2 minute read
DEEP DIVE
It was a busy year for the team at NBC Sports, beginning with the Super Bowl and Beijing Olympics and continuing through with PGA coverage, Sunday Night Football, and much more. Chip Adams, now a consultant but former NBC Olympics, VP of venue engineering; Craig Bernstein, VP, remote technical ops and engineering; Darryl Jefferson, SVP, engineering and technology; and David Mazza, SVP and CTO, discussed the year’s accomplishments
Before the Tokyo Games were postponed, the plan was to do a dualstream HDR and SDR production. But the one-year delay allowed the NBC Olympics team to create a single stream workflow. But when the decision was made to have the main production gallery for the Beijing Games in Stamford rather than Beijing the team had to pivot once again. Dave Mazza explains:
Mazza: Our plan was to ship the equipment from Tokyo to Beijing but when we realized [we would move the primetime control room to Stamford we had to mobilize the troops in the IBC, pull out all the HDR gear, and sent it back to Stamford because with all the supply chain problems we probably weren’t going to order enough stuff to convert Stamford to HDR. So that was a big change we made technologically along the way.
Having so many production personnel back home for the Beijing Games impacted venue operations. Chip Adams, who was in Beijing, discussed the challenges:
Adams: As the playbook changed, we had to downsize our equipment and operations. We reduced onsite venue operations down to about two venues — figure skating and alpine skiing and extreme sports — and we had production people onsite but no talent. Typically, we would have 2,000 people onsite, but for Beijing we only had 750 people.
We also had to move our field shop operations into the IBC because the field shop was outside of the [closed loop to protect against COVID]. We didn’t really have space for it and all of a sudden we’re doing our cable allocations in a small room that had network connectivity so we could do a lot of pre-testing with Stamford. But getting the equipment out was a three-day process because the equipment had to go to a holding area and be tested for COVID.

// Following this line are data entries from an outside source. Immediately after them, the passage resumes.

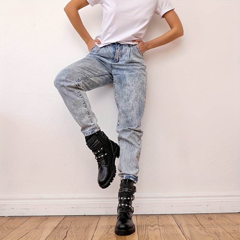 Women's Gothic Punk Motorcycle Boots Faux Leather Chain Zipper Black Chunky Platform
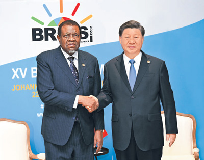 本报约翰内斯堡8月24日电 (记者杨一、时元皓)当地时间8月24日上午,国家主席习近平在约翰内斯堡出席金砖国家领导人会晤期间会见纳米比亚总统根哥布。
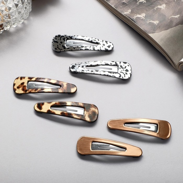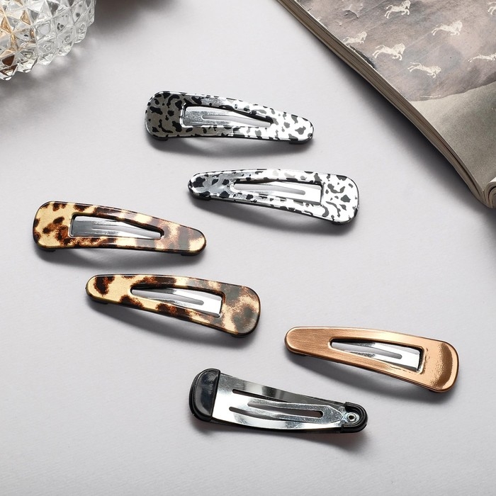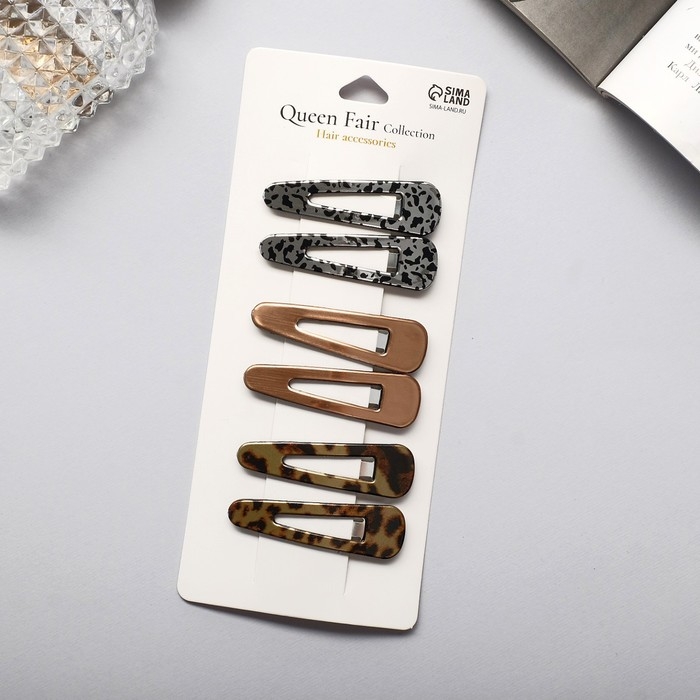 Невидимка для волос "Беатрис" (набор 6 шт) лео, 5 см, золото
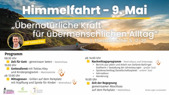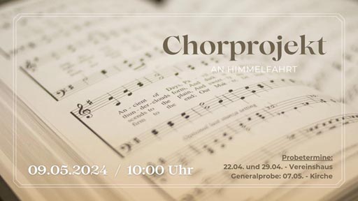 Chorprojekt für Himmelfahrt Herzliche Einladung zum Projektchor an Himmelfahrt am 9. Mai um 10 Uhr. Die Proben hierfür sind am 29. April, um 20 Uhr im Vereinshaus und am 7. Mai um 20 Uhr in der Kirche. Bei Fragen gerne bei Christin oder Magdalene Doll melden.
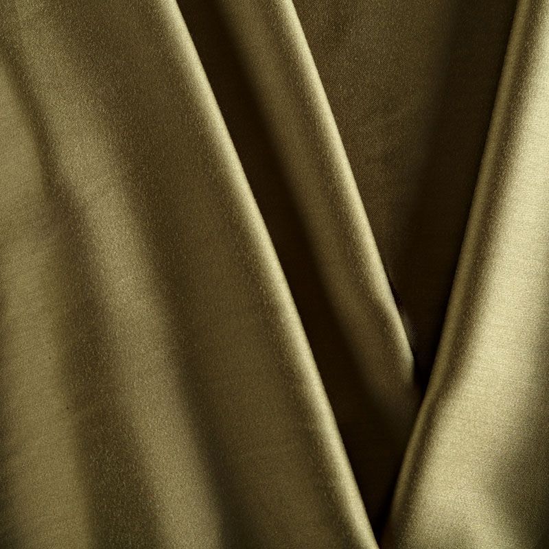 Плательно-блузочный штапель с добавлением шелка в оливково-зеленом оттенке. Мягкий, нежный, пластичный, шелковистый на ощупь, хорошо драпируется, практичный, тянется за счет эластана в составе. Особенно актуален летом, он очень легкий, обволакивающий прохладой. Идеален для пошива летней детской одежды, сарафанов, платьев, юбок, блузок, домашней одежды: халатов, ночной пижамы.
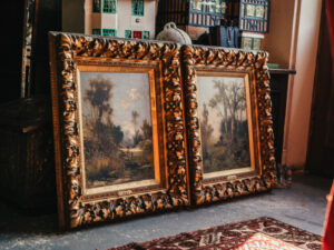 Pair of Early 19th Century Carved Gilt Wood Framed Oil Painting of Landscapes
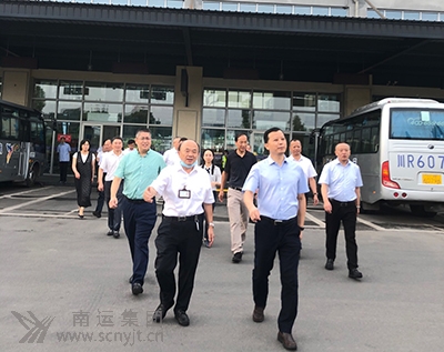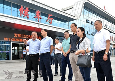 寧堅(jiān)(右一)一行在營(yíng)山汽車客運(yùn)站發(fā)車區(qū)調(diào)研

The Friends and Family segments connected athletes at the games with friends and family back home live via two-way video conferencing. Darrell Jefferson discusses the effort and why it was so successful:
Jefferson: We put a lot of cameras in the living rooms and backyards of the families of the athletes because they were not allowed in the stands. And it gave us a new vantage point and added a layer to the production. Also moving some of the production back home is something we’ve proven is possible so now we need to figure out when it is appropriate.
NBC Sports did the impossible when they produced a Super Bowl in the middle of a Winter Olympics. Craig Bernstein discussed the efforts:
Bernstein: The biggest challenge of Los Angeles was the scope as we had six locations throughout the city. We had to do a lot of planning work with the transmission and IT teams to connect everything back to SoCal Stadium. There were eight different mobile units connected from outside SoCal and we built an EVS network with 33 servers and 20 virtual IP Directors to give everyone access to share files and move signals. That worked flawlessly.